The A compartment is generally characterized by high transcriptional activity. Yet, genes within this compartment show considerable expression variability and many of them are not expressed at any detectable level. Our next analysis thus focused on genes within the A compartment and examined the relationship between the extent of chromatin interactions at promoter regions and gene expression level. In this analysis, we first used promoter–enhancer interactions inferred from Hi–C data by the PSYCHIC tool [16]. We expected that, per cell type, promoters of highly expressed genes would show stronger engagement in chromatin interactions than promoters of lowly expressed genes. Indeed, in all five cell lines that we tested, we found a significant positive association between the number of interactions in which a promoter is involved and the gene’s expression level (Fig. 4a, b; Additional file 2: Fig. S6A-B). We next applied a similar test, but this time using experimental promoter interactions derived from ChIA-PET data for RNA polymerase II in three cell lines (K562, GM12878 and MCF7). Here too, for all three cell lines examined, we found a highly significant positive association between extent of promoter interactions and gene expression level (Fig. 4c, d; Additional file 2: Fig. S6C, D). A caveat of this analysis using RNA PolII ChIA-PET is that PolII signal at promoters is correlated with expression level and this effect could confound the estimation of the number of chromatin interactions in which the promoter is involved. We repeated this analysis using CTCF ChIA-PET data in GM12878 cell line [17]. Interestingly, while promoters involved in chromatin interactions showed significantly higher expression than those that were not involved, promoters that were involved in multiple CTCF interactions had slightly lower expression than those involved in a single interaction (Fig. 4e), indicating that there is no simple relationship within the A compartment between the number of chromatin interactions a promoter is engaged with and its level of transcriptional activity.
Fig. 4
Fig. 4

Gene expression levels versus promoter interactions in the A compartment. a Genes in compartment A were partitioned into three groups according to their expression levels.

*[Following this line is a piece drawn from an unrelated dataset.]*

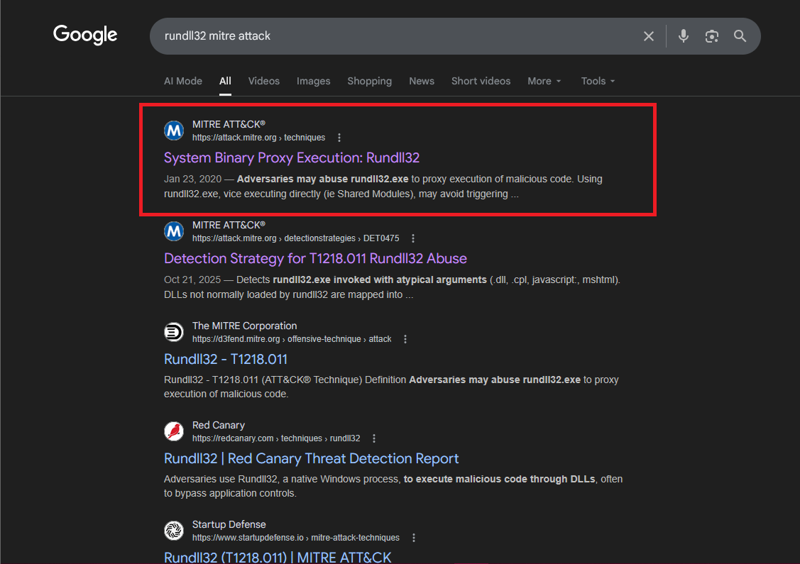 To identify the relevant MITRE ATT&CK sub-technique, I searched for rundll32 MITRE ATT&CK.

For each group, the distribution of genes over bins of number of promoter interactions, inferred from Hi–C data, is shown. p value was calculated using Wilcoxon’s test comparing the distributions in the least and most abundant expression groups. b Genes in compartment A were partitioned into three groups according to the number of interactions their promoters are engaged in, and the distributions of gene expression levels were compared (p value is for Wilcoxon’s test comparing the group of genes with 0 interactions to the genes with at least one interaction). c, d The same analysis as in B and A, respectively, but here using promoter interactions derived from RNA PolII ChIA-PET data in the GM12878 cell line. e The same analysis as in d, but using CTCF ChIA-PET data (in GM12878)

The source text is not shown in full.